◆ Work request
Excluding pictures, retype the line with "Maksudnya: Tidak ada" and each line that follows it to the end of the data below, word for word.

◆ Collected data
╔══
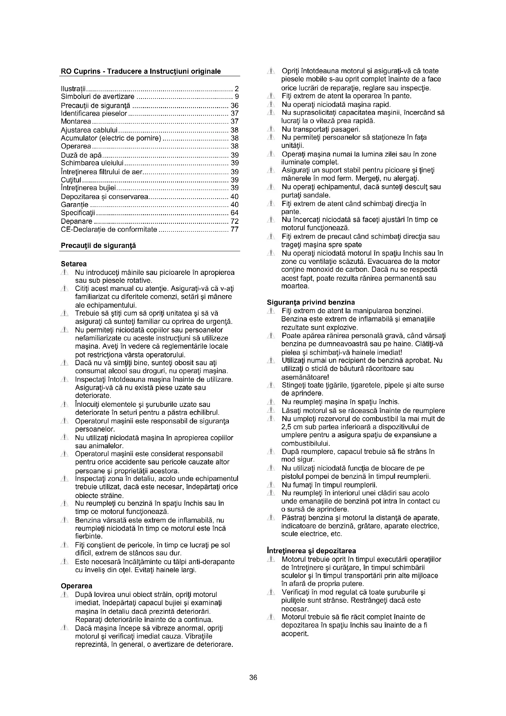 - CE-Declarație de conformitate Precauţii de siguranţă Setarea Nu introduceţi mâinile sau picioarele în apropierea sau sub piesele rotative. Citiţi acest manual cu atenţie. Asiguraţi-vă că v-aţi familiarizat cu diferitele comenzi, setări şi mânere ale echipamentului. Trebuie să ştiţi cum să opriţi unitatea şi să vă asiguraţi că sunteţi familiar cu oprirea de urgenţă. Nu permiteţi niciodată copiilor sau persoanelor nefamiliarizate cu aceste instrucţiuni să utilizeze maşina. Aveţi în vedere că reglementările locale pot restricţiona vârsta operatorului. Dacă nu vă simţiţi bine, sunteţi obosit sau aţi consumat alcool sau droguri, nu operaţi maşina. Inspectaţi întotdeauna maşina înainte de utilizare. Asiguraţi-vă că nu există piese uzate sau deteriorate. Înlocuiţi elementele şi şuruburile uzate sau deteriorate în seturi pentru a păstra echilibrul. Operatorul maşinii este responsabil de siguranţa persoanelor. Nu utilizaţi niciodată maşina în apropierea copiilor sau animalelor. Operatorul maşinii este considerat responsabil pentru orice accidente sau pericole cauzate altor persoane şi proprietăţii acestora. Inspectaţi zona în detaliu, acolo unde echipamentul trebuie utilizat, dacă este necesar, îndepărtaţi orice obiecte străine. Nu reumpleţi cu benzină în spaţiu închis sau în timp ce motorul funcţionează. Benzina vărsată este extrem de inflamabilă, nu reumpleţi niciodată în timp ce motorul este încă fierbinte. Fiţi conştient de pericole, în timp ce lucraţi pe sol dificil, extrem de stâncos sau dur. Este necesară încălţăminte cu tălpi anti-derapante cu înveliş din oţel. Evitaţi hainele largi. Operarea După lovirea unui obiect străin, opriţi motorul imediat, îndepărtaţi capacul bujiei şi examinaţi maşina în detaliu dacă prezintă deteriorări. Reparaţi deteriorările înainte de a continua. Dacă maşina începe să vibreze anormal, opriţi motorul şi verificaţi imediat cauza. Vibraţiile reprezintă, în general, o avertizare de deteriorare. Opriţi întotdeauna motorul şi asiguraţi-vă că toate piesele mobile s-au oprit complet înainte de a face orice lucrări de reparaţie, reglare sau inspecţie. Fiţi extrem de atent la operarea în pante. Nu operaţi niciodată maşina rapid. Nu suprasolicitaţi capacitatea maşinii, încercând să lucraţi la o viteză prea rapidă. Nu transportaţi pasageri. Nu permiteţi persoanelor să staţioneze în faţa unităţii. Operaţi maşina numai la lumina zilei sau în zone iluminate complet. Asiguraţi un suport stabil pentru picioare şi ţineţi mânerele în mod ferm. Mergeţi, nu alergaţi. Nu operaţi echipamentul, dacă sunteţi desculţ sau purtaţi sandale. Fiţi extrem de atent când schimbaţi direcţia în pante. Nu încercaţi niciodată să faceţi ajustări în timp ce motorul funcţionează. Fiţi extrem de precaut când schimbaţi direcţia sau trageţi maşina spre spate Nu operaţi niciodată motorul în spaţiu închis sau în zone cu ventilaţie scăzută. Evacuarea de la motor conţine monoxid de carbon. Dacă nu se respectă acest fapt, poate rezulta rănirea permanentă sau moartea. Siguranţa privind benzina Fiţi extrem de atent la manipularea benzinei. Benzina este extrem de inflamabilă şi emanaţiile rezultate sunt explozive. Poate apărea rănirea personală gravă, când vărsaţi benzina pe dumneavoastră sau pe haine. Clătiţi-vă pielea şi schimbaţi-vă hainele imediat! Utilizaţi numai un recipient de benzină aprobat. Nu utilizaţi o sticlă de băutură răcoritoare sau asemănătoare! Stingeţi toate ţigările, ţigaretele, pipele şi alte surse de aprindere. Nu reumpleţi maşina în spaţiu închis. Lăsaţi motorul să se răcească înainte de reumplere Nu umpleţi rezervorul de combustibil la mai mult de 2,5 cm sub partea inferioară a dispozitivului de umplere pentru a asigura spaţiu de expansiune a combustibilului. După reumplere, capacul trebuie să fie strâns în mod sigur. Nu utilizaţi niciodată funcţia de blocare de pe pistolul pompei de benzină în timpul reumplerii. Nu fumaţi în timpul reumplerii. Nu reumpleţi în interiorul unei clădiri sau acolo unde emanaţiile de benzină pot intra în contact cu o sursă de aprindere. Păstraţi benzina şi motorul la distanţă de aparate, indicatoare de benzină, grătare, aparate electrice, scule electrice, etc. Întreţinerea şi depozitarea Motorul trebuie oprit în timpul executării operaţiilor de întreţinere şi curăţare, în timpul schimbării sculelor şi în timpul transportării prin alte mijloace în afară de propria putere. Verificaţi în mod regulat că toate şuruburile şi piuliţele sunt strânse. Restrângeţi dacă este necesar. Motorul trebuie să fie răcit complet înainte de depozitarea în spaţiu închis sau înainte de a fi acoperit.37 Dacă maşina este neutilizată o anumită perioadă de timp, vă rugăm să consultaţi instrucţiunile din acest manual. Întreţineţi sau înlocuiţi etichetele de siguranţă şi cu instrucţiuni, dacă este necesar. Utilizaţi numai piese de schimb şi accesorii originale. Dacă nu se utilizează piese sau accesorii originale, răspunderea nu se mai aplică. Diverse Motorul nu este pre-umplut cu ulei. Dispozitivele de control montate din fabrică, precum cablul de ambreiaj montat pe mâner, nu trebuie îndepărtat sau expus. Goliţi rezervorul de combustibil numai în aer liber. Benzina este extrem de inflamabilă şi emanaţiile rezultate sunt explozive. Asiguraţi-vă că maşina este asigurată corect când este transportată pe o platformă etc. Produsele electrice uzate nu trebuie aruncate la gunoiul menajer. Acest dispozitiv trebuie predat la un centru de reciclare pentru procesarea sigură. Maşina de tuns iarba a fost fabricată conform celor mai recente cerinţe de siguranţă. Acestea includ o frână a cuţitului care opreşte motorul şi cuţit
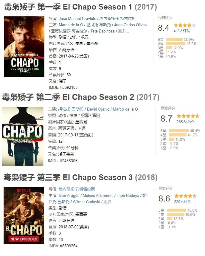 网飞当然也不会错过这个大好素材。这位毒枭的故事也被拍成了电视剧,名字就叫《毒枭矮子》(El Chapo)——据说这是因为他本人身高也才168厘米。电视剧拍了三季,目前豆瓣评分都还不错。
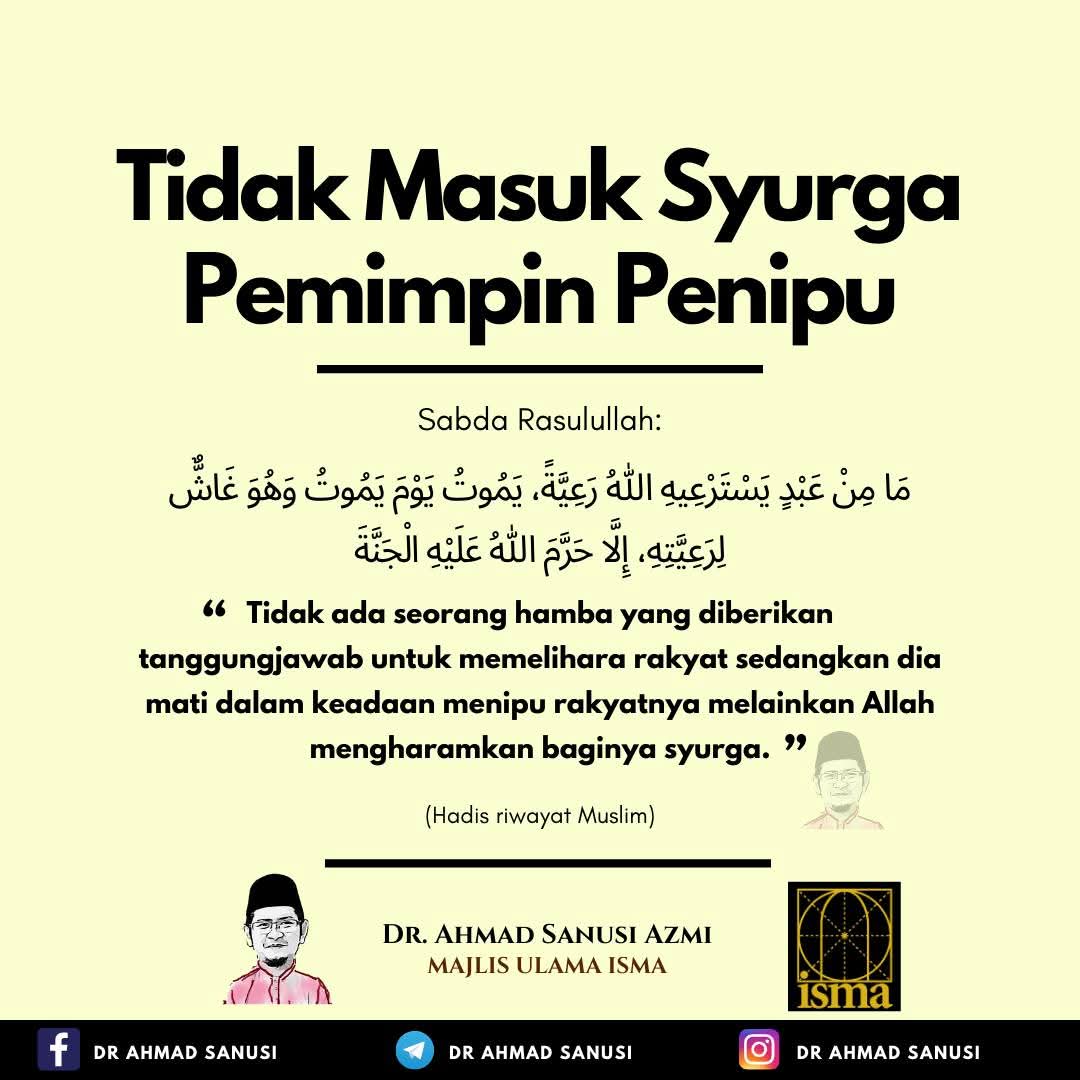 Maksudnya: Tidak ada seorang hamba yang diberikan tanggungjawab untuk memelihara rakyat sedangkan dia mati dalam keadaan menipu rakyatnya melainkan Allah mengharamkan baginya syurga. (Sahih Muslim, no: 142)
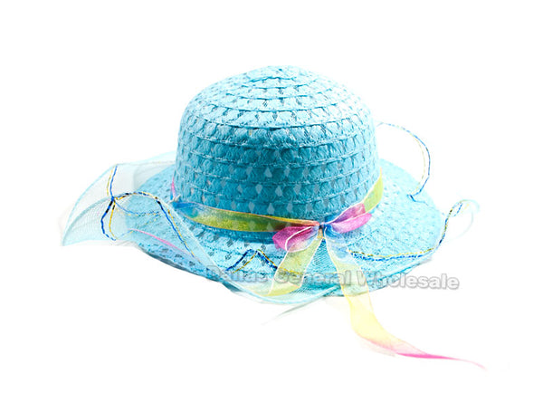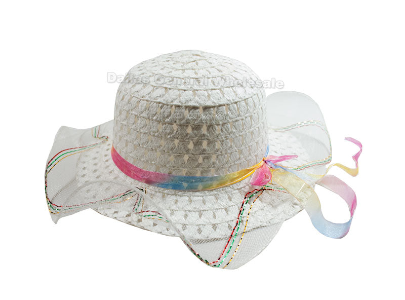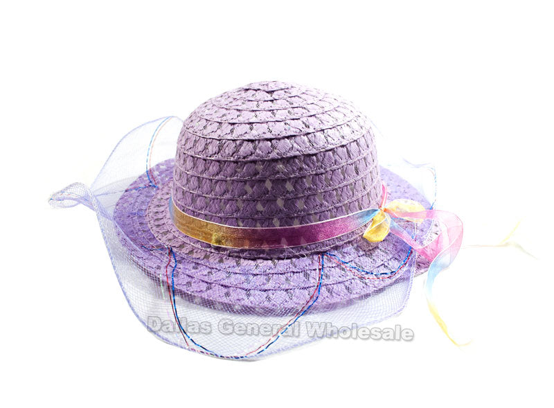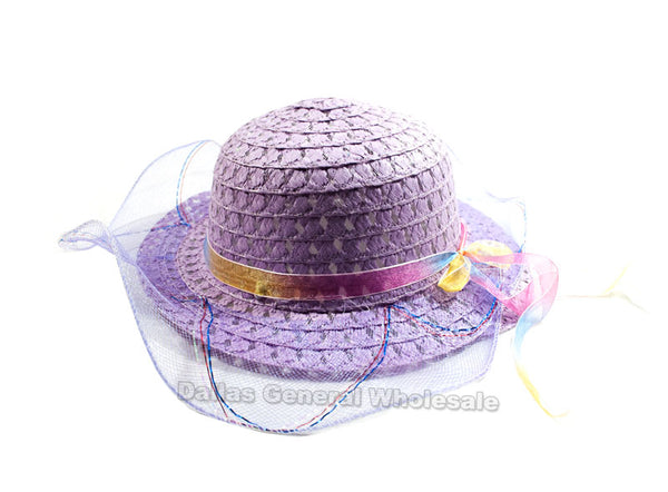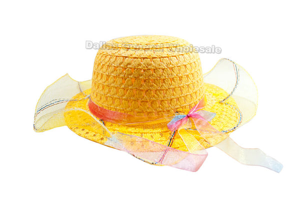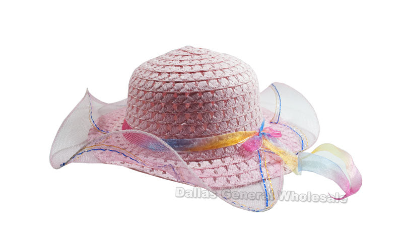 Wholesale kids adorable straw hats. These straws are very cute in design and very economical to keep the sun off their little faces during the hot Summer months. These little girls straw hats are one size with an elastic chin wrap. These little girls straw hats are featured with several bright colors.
╚══
◆ Finished exercise
 Maksudnya: Tidak ada seorang hamba yang diberikan tanggungjawab untuk memelihara rakyat sedangkan dia mati dalam keadaan menipu rakyatnya melainkan Allah mengharamkan baginya syurga. (Sahih Muslim, no: 142)
 Wholesale kids adorable straw hats. These straws are very cute in design and very economical to keep the sun off their little faces during the hot Summer months. These little girls straw hats are one size with an elastic chin wrap. These little girls straw hats are featured with several bright colors.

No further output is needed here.